"NUBUWAH"
Oleh : Muhasuh
Jika kamu (para mukmin) tidak mau tampil kemuka membela panji-panji kebenaran niscaya Allah menghukummu dengan siksaan yang pedih dan digantinya kamu dengan kaum yang lain (QS 9:39)
Selepas bebas dari kejaran tentara Firaun yang ditenggelamkan Allah di lautan, sampailah Musa di suatu tempat bersama kaumnya (Bani Israil). Belum lama mereka tiba ditempat tersebut dan dalam kondisi suka cita dan keletihan yang amat sangat tersebut, muncul panggilan Tuhan kepada Musa untuk menemui-Nya di lembah Thuwa. Bani Israil yang belum sempat menghirup alam kebebasan dan belum sempat memaknai hakikat kebebasan serta belum lagi menata pranata-pranata kehidupan bermasyarakat, sudah akan ditinggalkan oleh pemimpinnya.
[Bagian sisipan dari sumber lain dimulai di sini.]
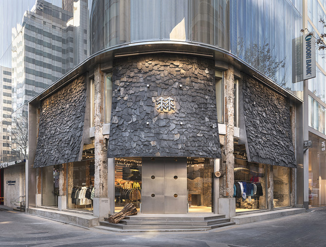 외관은 코너 입지를 살린 전면 파사드로 시인성을 높였으며, 내부는 생목과 금속, 콘크리트 질감을 활용해 절제된 분위기를 연출했다. 서로 다른 소재가 균형을 이루도록 설계해 자연과 연결된 브랜드 해석을 공간에 담았다.
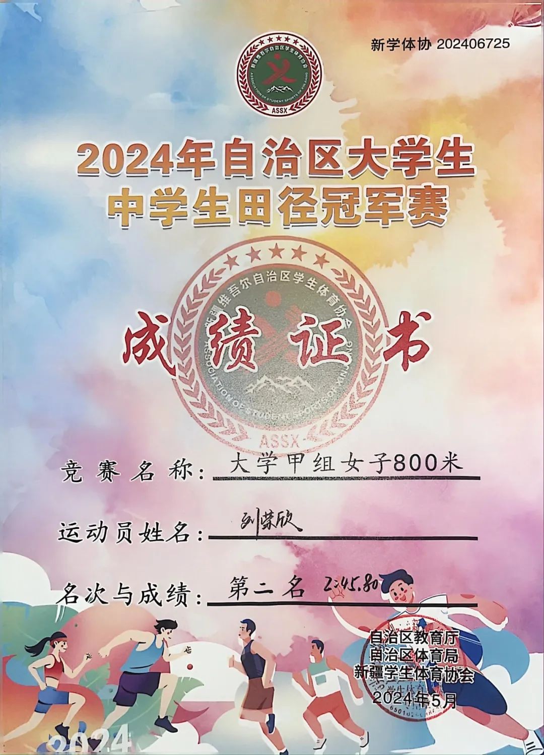 获奖感言:通过这次比赛,我深刻体会到了努力与团队的价值。优秀运动员来之不易,不仅磨砺了我的体能也锻造了我坚韧不拔的意志。同时,也让我见证了体育竞技不仅仅是个人的荣耀,更是集体力量!在我跑800米精疲力尽的时候,队友们的加油鼓劲让我坚持到了最后;跑1500米想要放弃的时候也是我的教练以及队员们给予我加油、鼓励!展望未来,我会带着这份荣誉继续前行,不骄不躁,持之以恒。感谢支持我的教练和队友们,让我们一起期待更加辉煌的明天!
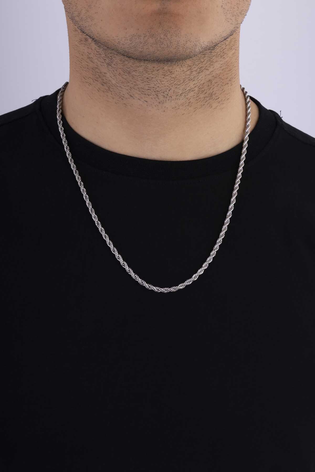 Klasik burgu model erkek çelik zincir, spiral burgu tasarımı ve parlak çelik yüzeyiyle modern, dayanıklı ve her stile uyum sağlayan şık bir aksesuardır.
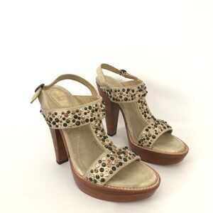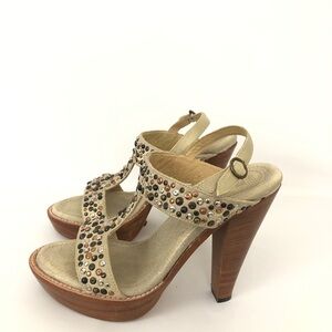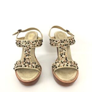 Frye Womens Size 7.5 Joy Studded Bone Leather Open Toe T-Strap Platform Sandals
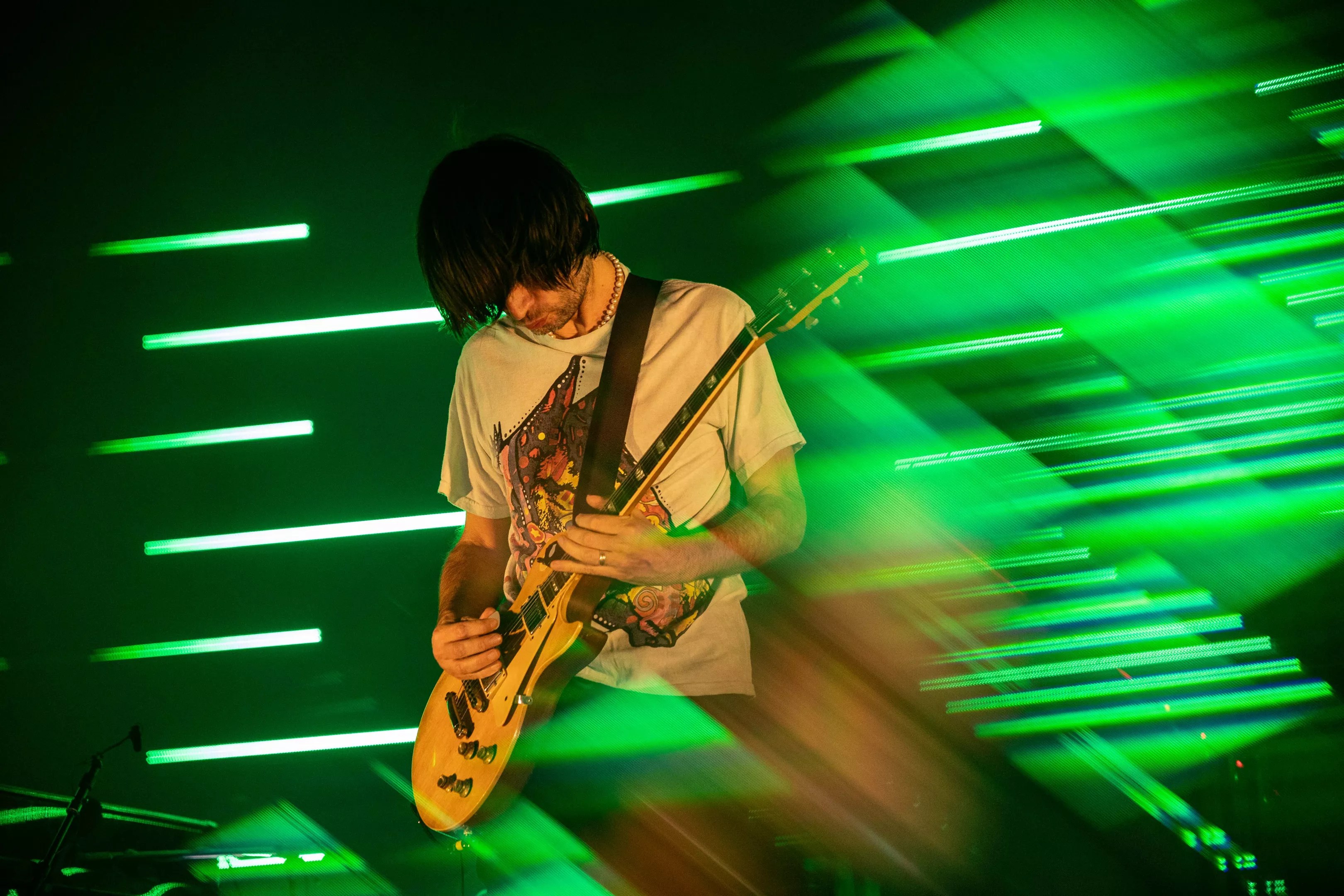 At 9:15 sharp, The Smile came out to a crowded and sweaty room. The use of red LED lights, mixed with the sound of Yorke’s familiar voice, brought the rowdy crowd into perfect silence. The band started with album opener “The Same” while scattered across the large stage; Greenwood was front and center on guitar while Yorke played and sang stage right, with drummer Skinner occupying the far left. As the band journeyed through the set, the lights set the mood, often reflecting off Greenwood’s Gold Gibson Les Paul.
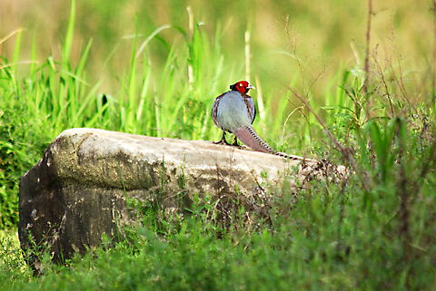 岩上のキジ
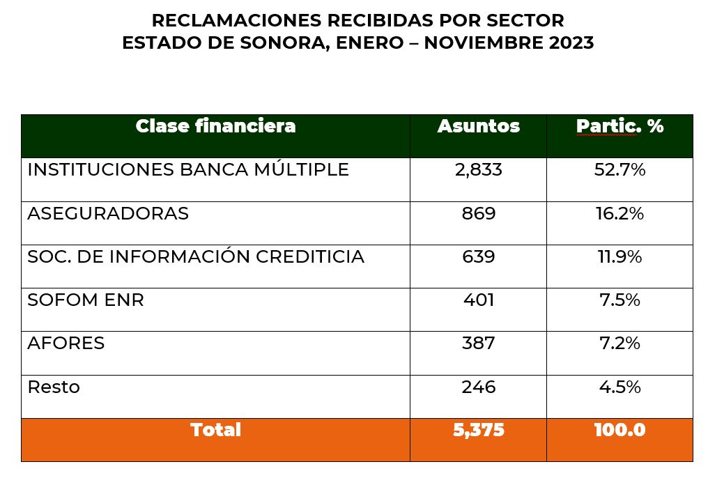 La Comisión Nacional para la Protección y Defensa de los Usuarios de Servicios Financieros (CONDUSEF) informa sobre la evolución de las reclamaciones iniciadas en el estado de Sonora en el periodo enero-noviembre de 2023.
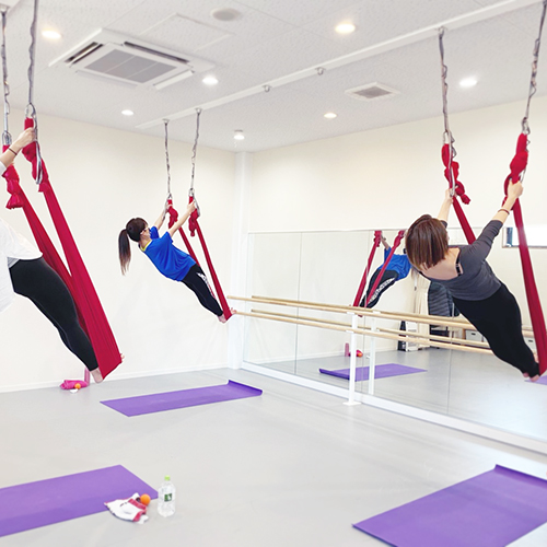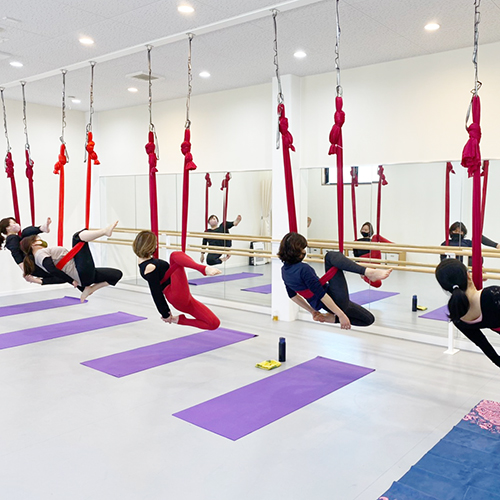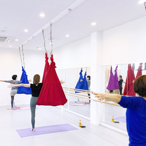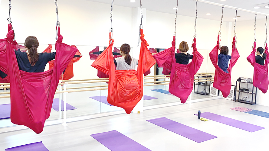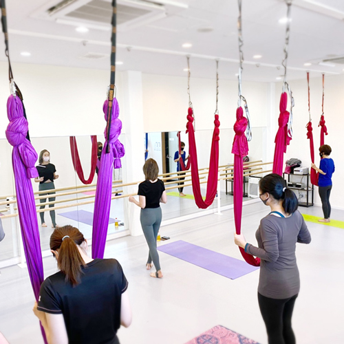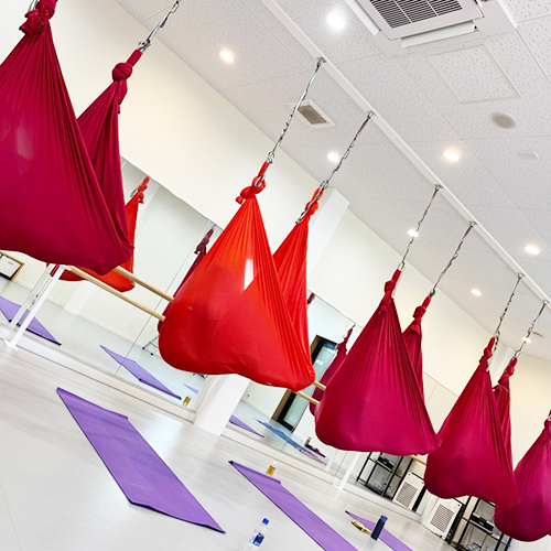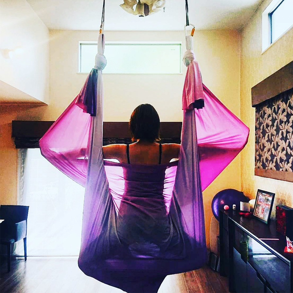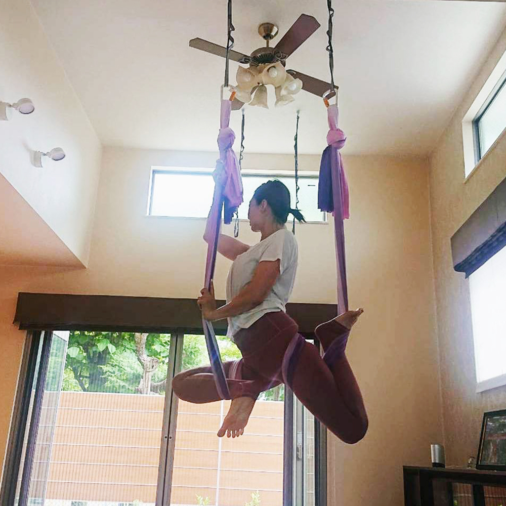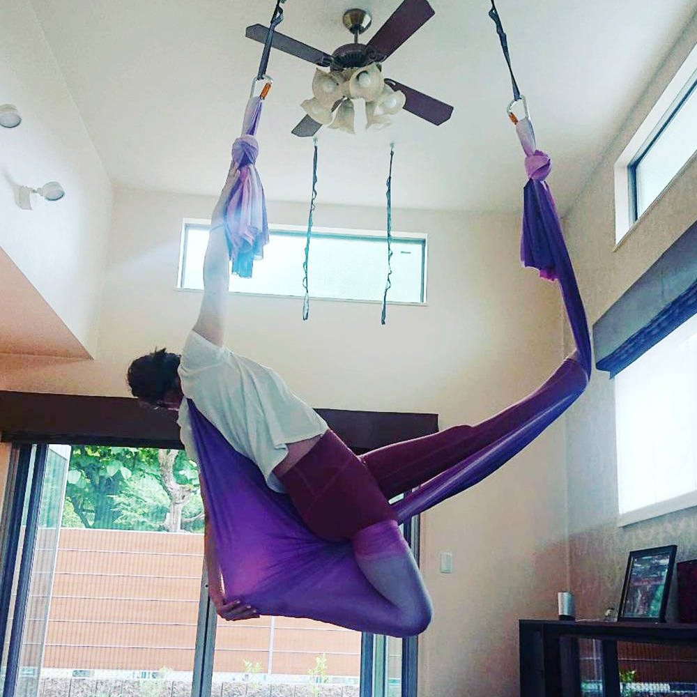 *脇の下にハンモックを挟むポーズを行うので、衛生の為、必ず袖のある動きやすいウェア(半袖可)を着用してください。

Namun apapun yang terjadi, perintah Tuhan adalah di atas segalanya, sebab Dia Maha Tahu apa yang hendak diperbuat-Nya. Demikianlah Musa pun selaku Nabi dan utusan-Nya tak mampu dan tak berhak untuk menolak titah tersebut. Karena pantang bagi seorang mukmin untuk melakukan negosiasi perintah Tuhan-Nya. (QS 33: 36; 24:51)
Untuk itulah Musapun sejenak merenung dan berfikir untuk mengangkat seorang pemimpin sebagai penggantinya selama ia bermunajat kepada Allah SWT. Sikap Musa tersebut merupakan cerminan sikap seorang yang bertanggungjawab kepada ummat yang dipimpinnya. Tanpa itu ummat akan terombang-ambing dan ummat akan mempersalahkan Musa.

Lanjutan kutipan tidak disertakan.